_Task directions_
Find the line containing "- Женские Nike". Retype it and every later line of the records exactly, leaving out pictures.
++++ Data to process ++++
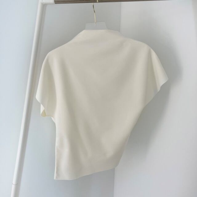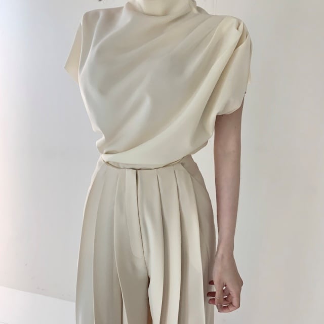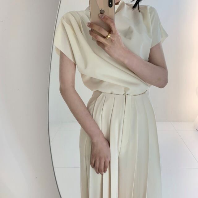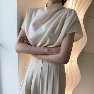 【予約販売】 トップス カットソー ハイネック 半袖 ドレープ レディース アイボリー フェミニン こなれ感 大人可愛い おしゃれ 韓国 通勤 OL 春 夏 デート トレンド S/M
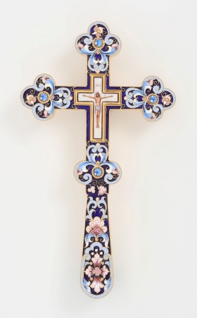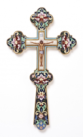 Крест напрестольный фигурный финифть, эмаль / золочение
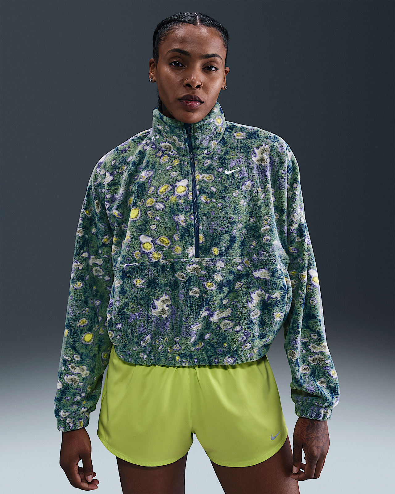 - Женские Nike One Therma-FIT Oversized 1/2-Zip Fleece Top
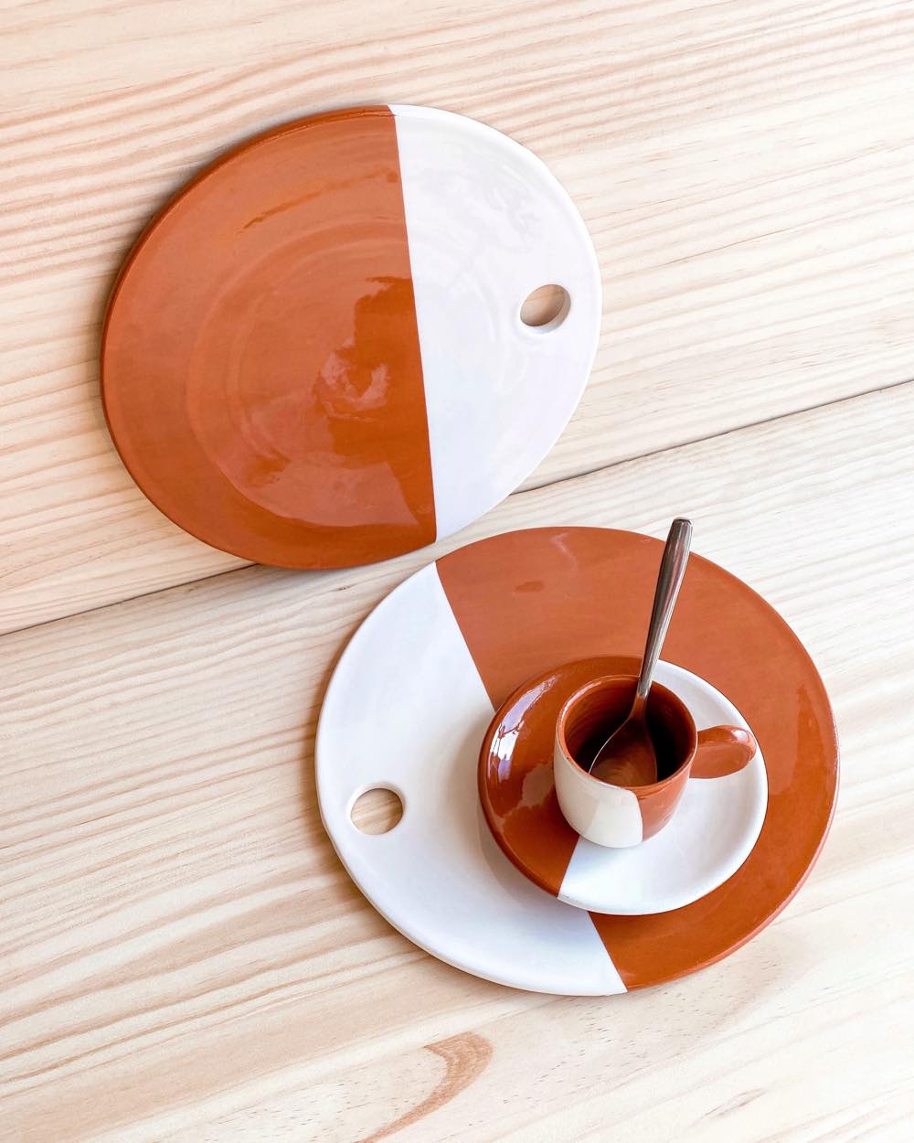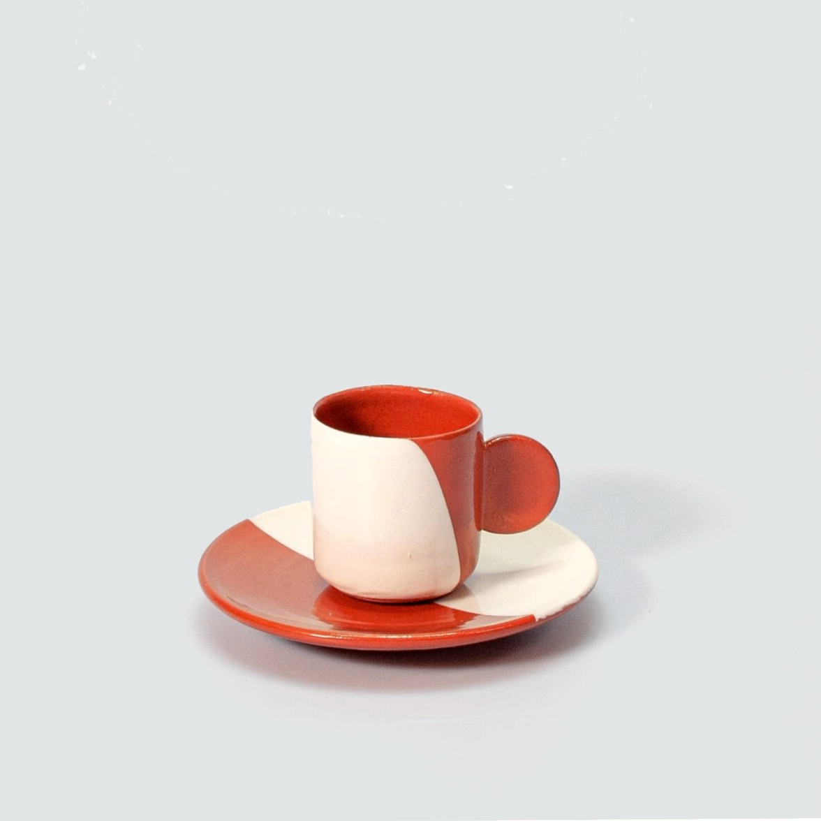 Made in a traditional way on a pottery wheel by Portuguese craftsmen, these charming espresso sets are then hand painted with glaze and dried under the Alentejo sun.
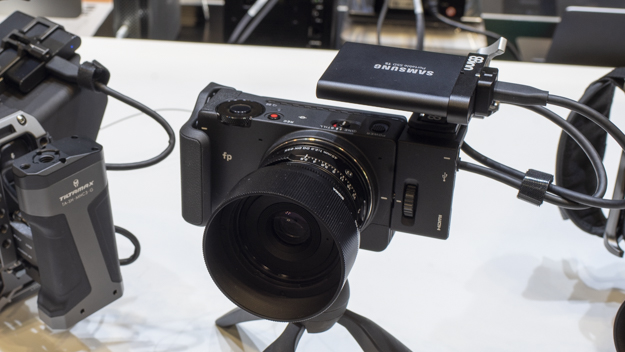 外付けUSBのSSD対応機種として、4Kや6Kに対応したブラックマジックデザインのPocket Cinema Camera 4K/Pocket Cinema Camera 6K、SIGMA fpを展示。これらはシネマカメラと呼ばれているジャンルの製品で、RAW記録に対応しているが、RAWになるとデータ量が大きく、カードへの内部収録では容量不足や速度不足が起こる。そこで最近増えてきているのが、4K RAW映像をカメラ本体からUSB Type-Cの外付けポータブルSSDに接続して直接レコーディングが可能なシネマカメラだ。
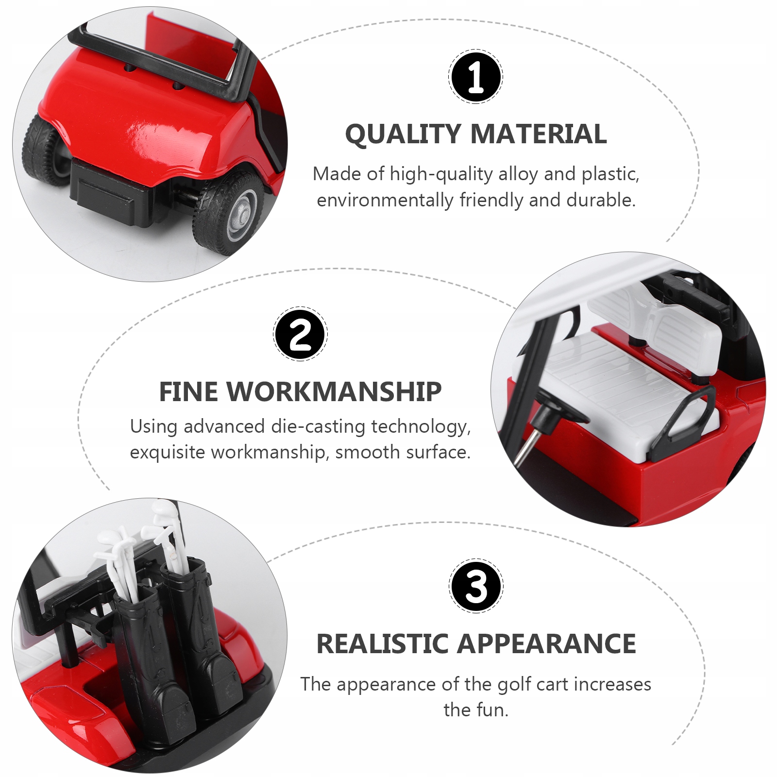 Модель візка для гольфу з алюмінієвого сплаву та пластикових деталей. Міні-модель автомобіля з реалістичними деталями розважатиме вашого малюка годинами. Чудово підходить для дитячого подарунка на день народження, веселих сувенірів для вечірки, колекції та прикраси дому.
++++
_Answer section_
 - Женские Nike One Therma-FIT Oversized 1/2-Zip Fleece Top
 Made in a traditional way on a pottery wheel by Portuguese craftsmen, these charming espresso sets are then hand painted with glaze and dried under the Alentejo sun.
 外付けUSBのSSD対応機種として、4Kや6Kに対応したブラックマジックデザインのPocket Cinema Camera 4K/Pocket Cinema Camera 6K、SIGMA fpを展示。これらはシネマカメラと呼ばれているジャンルの製品で、RAW記録に対応しているが、RAWになるとデータ量が大きく、カードへの内部収録では容量不足や速度不足が起こる。そこで最近増えてきているのが、4K RAW映像をカメラ本体からUSB Type-Cの外付けポータブルSSDに接続して直接レコーディングが可能なシネマカメラだ。
 Модель візка для гольфу з алюмінієвого сплаву та пластикових деталей. Міні-модель автомобіля з реалістичними деталями розважатиме вашого малюка годинами. Чудово підходить для дитячого подарунка на день народження, веселих сувенірів для вечірки, колекції та прикраси дому.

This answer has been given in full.